Your assignment
Retype only the lines below from the one with "Suuri puurakenteinen ja" to the one with "Kapolsek Kubu Iptu Kodam F Sidabutar SH.MH", inclusive, skipping every image.

Data for analysis

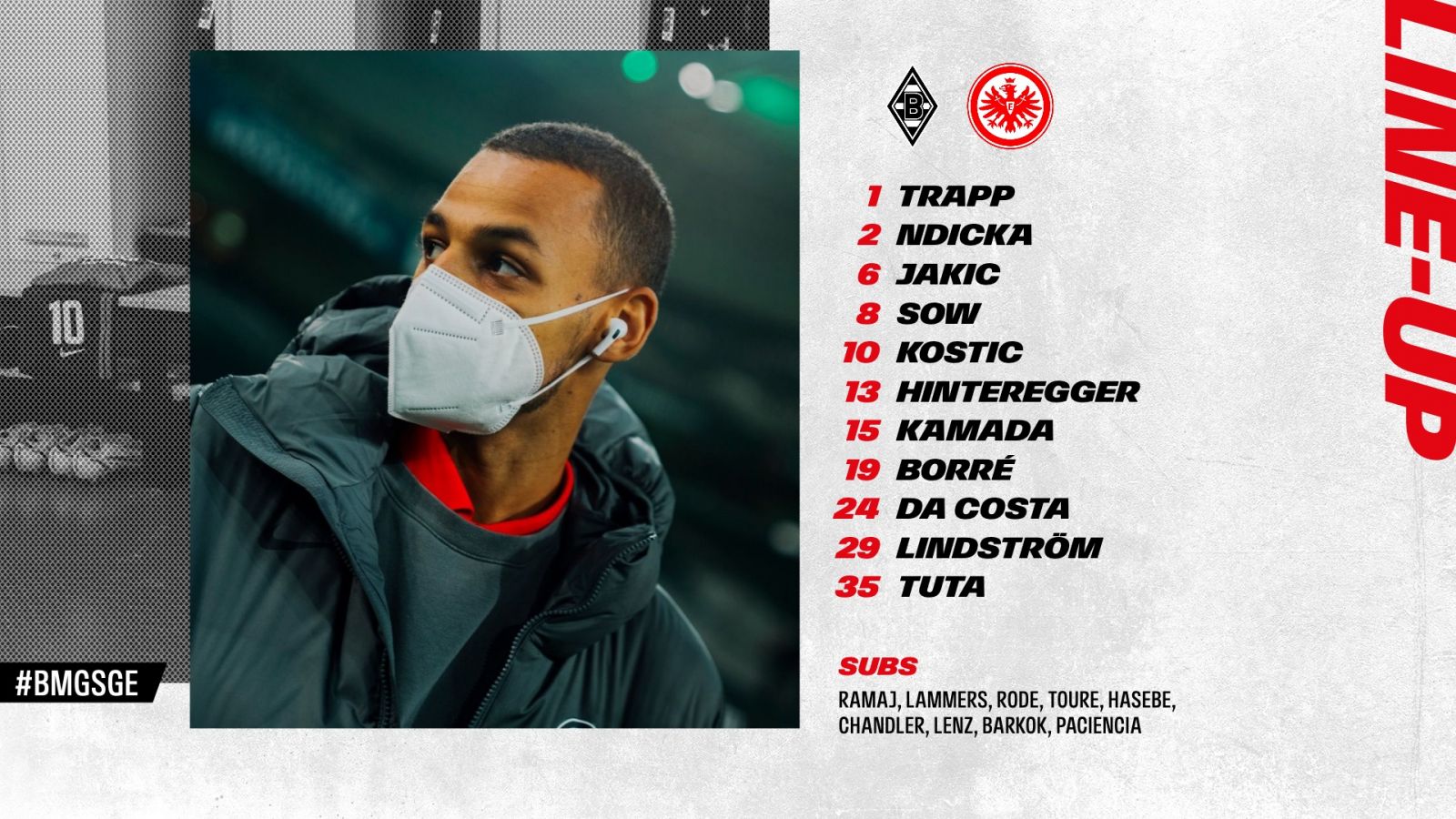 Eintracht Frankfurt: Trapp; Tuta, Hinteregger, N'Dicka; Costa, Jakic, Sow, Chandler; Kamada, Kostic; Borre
--
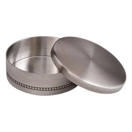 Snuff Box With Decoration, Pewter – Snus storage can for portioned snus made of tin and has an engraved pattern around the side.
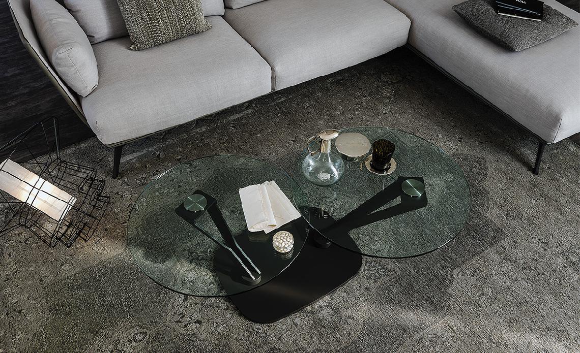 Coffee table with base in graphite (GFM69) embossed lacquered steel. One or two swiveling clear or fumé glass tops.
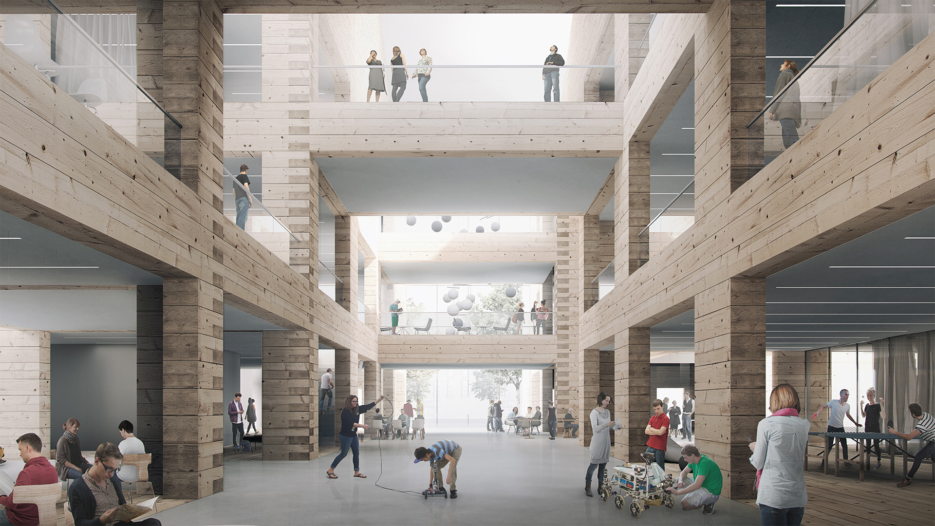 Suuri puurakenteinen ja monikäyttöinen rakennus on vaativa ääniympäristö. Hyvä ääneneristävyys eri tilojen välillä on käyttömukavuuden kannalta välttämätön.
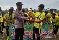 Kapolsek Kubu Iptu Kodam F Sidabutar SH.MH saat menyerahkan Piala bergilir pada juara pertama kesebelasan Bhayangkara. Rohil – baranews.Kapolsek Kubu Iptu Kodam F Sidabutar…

Exercise output
 Suuri puurakenteinen ja monikäyttöinen rakennus on vaativa ääniympäristö. Hyvä ääneneristävyys eri tilojen välillä on käyttömukavuuden kannalta välttämätön.
 Kapolsek Kubu Iptu Kodam F Sidabutar SH.MH saat menyerahkan Piala bergilir pada juara pertama kesebelasan Bhayangkara. Rohil – baranews.Kapolsek Kubu Iptu Kodam F Sidabutar…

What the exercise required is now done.